# [Extracted information]
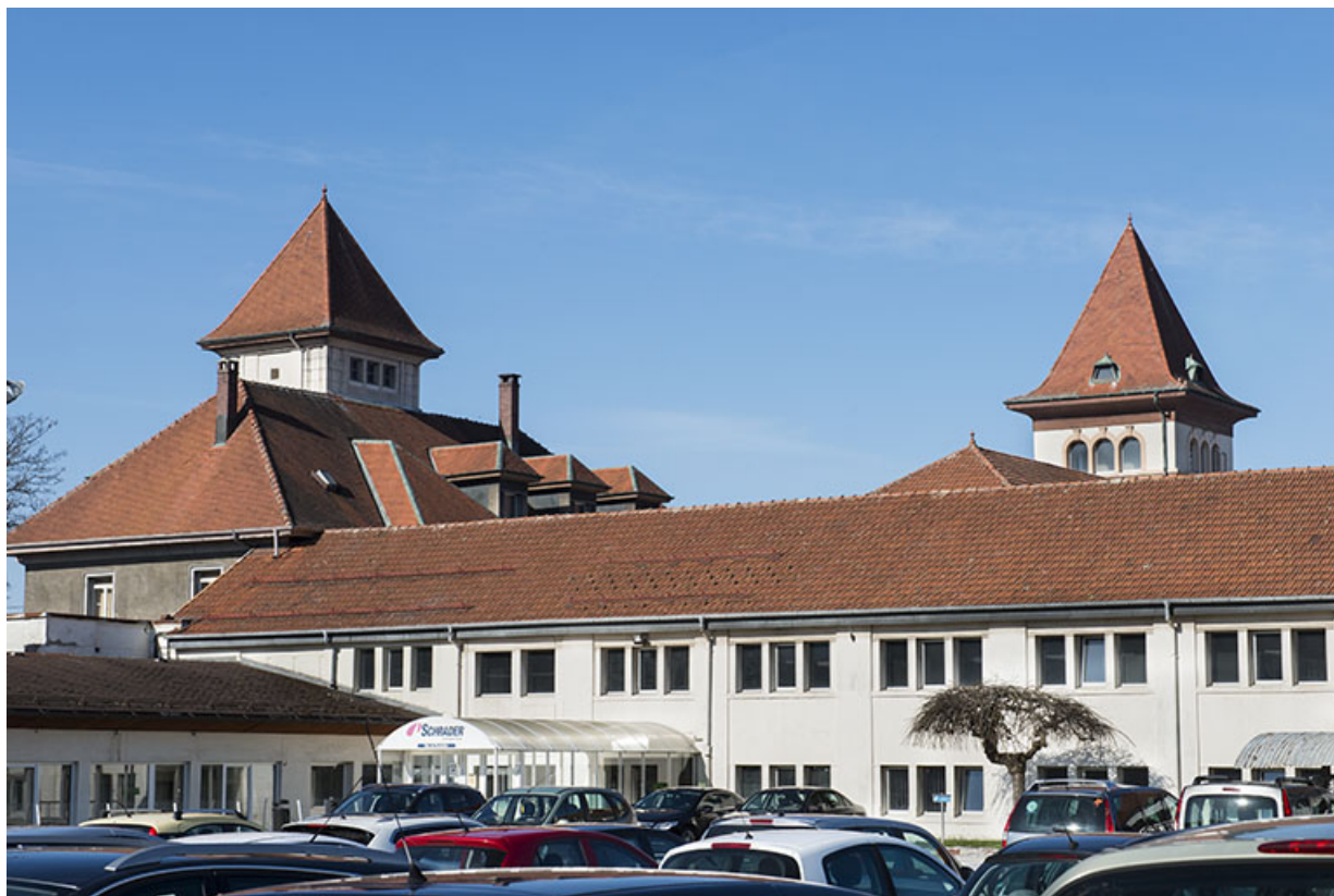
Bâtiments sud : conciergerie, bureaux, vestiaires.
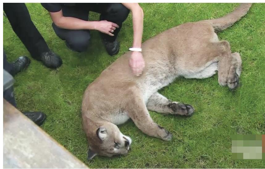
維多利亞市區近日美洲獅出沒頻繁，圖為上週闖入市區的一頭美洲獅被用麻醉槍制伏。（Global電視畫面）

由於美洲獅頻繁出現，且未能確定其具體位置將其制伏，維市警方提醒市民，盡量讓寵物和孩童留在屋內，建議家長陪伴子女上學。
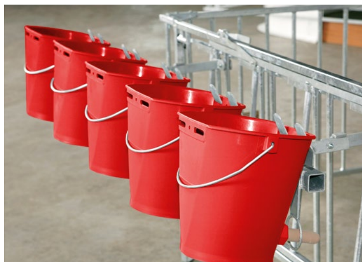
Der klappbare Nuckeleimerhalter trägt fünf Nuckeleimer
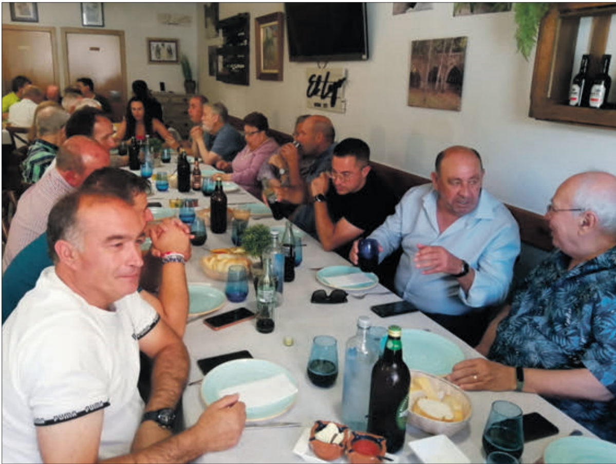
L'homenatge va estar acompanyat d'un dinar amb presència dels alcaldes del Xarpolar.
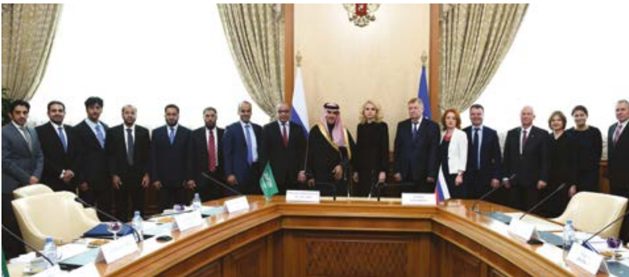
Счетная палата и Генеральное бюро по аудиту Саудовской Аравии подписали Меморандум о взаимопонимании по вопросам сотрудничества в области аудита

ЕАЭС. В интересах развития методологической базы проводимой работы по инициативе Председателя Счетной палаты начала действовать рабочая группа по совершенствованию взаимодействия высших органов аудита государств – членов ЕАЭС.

# [Exercise goal]
Work out how many lines of the listing above include "аудита"; the reply is that number alone.

# [Exercise output]
2